LIGHTING UP SMALL BUSINESS
Q: Bruce Martin, president of Computers 4sure, an Office Depot company that caters to the "S" in SMB, observes that these customers, and even those who service them, need to be inspired before they will commit to buying. "Can Cisco inspire the small-business owner and the people in small business who are responsible for signing off on an IT order given Cisco's past focus on the enterprise?"

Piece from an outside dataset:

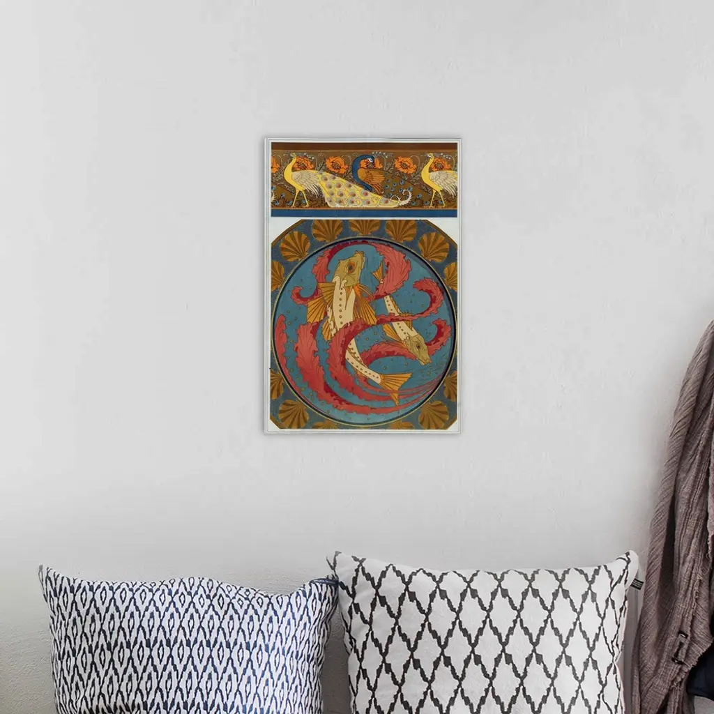 Originally a colour lithograph. Designs For Peacock And Poppy Border, And Enamel Plate With Decoration Of Gurnards And Seaweed With A Scallop Shell Suround, From 'L'Animal Dans La Decoration' By Maurice Pillard Verneuil, Pub 1897.

A: That's part of what we do with our branding. By definition, we bought 39 percent of the "inspirational market" because that's the percentage Linksys has. It clearly has name recognition. They do what a Microsoft does in this market. They have the shelf space...But that was a move that I'm surprised more people didn't see us making,not necessarily with Linksys itself, but the logical move to branding and inspiring productivity to the small-business owner and to the consumer.

CUSTOMERS' VIEW OF CISCO
Q: We recently commissioned a wide-ranging study of enterprise IT customers. We asked 300 to rate the top vendors and identify the ones they considered most strategic for them. Respondents include high-level CIOs from Fortune 500 companies. Interestingly enough, IBM came out on top, followed by Microsoft, Dell and Hewlett-Packard. Cisco came in fifth. What is your reaction to where they place Cisco?

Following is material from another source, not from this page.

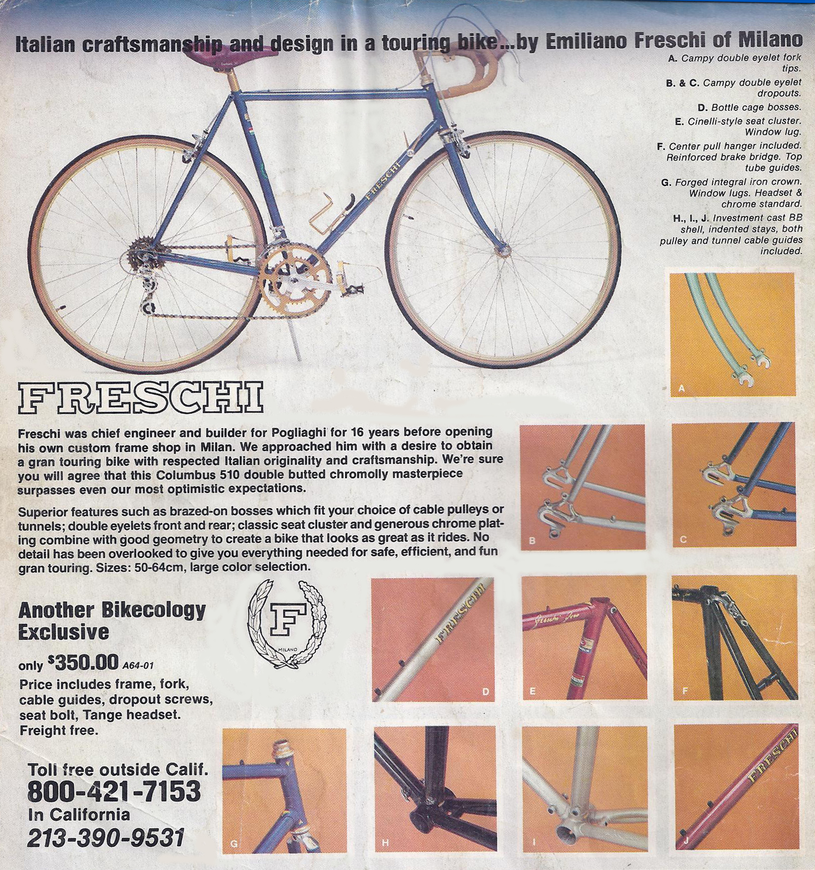 “Emiliano Freschi had been chief engineer and builder for Sante Pogliaghi before going out on his own.” Cyclart

A: It's new data. And I'm not in any way challenging the data and whether it's good. But it's dramatically different than what we have seen in the marketplace. I need to look at it in terms of the approach. What it also says is that people are moving to a systems approach. I do know P&G, and they might put us at No. 1, although I could be wrong about that. But that's where A.G. Lafley, their president, puts us in terms of the value-add, including even strategizing with us for their outsourcing decisions, what they were looking for, what should they do, what are the lessons learned, etc. Now you might say, "Cisco, you don't have lots of expertise there." Well, we actually do have a lot of expertise [there]. I'd love to see the data. [I'm familiar with top Fortune companies, but] I have got to understand what's happening with the second tier.

THE MIDMARKET OPPORTUNITY
Q: Some major vendors are moving swiftly to more keenly focus their sales and product strategies for mid-sized businesses,those employing between 101 and 999 workers. There are more than 100,000 such companies. Vendors are packaging their products for this market and tailoring channel marketing programs, offering incentives to bring in new business, etc. Can you tell VARBusiness' readers, how is Cisco moving to address the midmarket and how satisfied are you in terms of the steps and the progress you have made?

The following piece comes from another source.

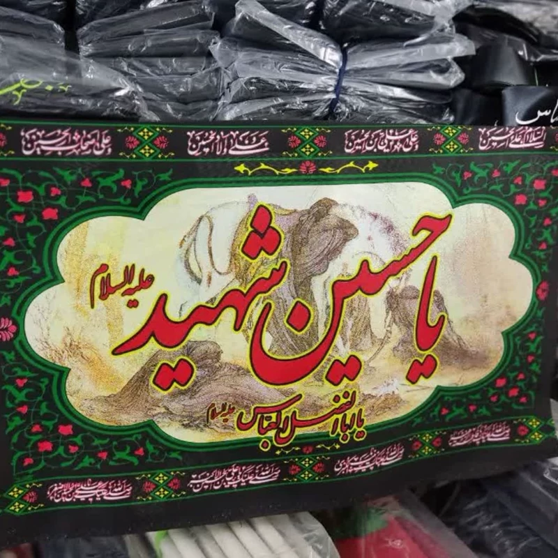 پرچم سردری یا حسین شهید اللهم عجل لولیک الفرج چهار طرف دوخته شده است

A: The midmarket is going to be a very good growth market for IT and [those firms] are very solutions-oriented rather than box-oriented, [although] they don't often have very large IT staffs,if any at all. So it's the market that will be reached almost exclusively through channels, and that's where the channels' differentiation becomes key. In terms of that marketplace and the value we bring to it, I think we are the No. 1 player, but our market share in there is dramatically different than our market share at the high end of the commercial [space], and dramatically different than our enterprise market share. So, we see the midmarket as a very good market opportunity. By definition, I would give us a C . Being the No. 1 vendor isn't bad. But No. 1 vs. what we are capable of doing, I think, has room for improvement.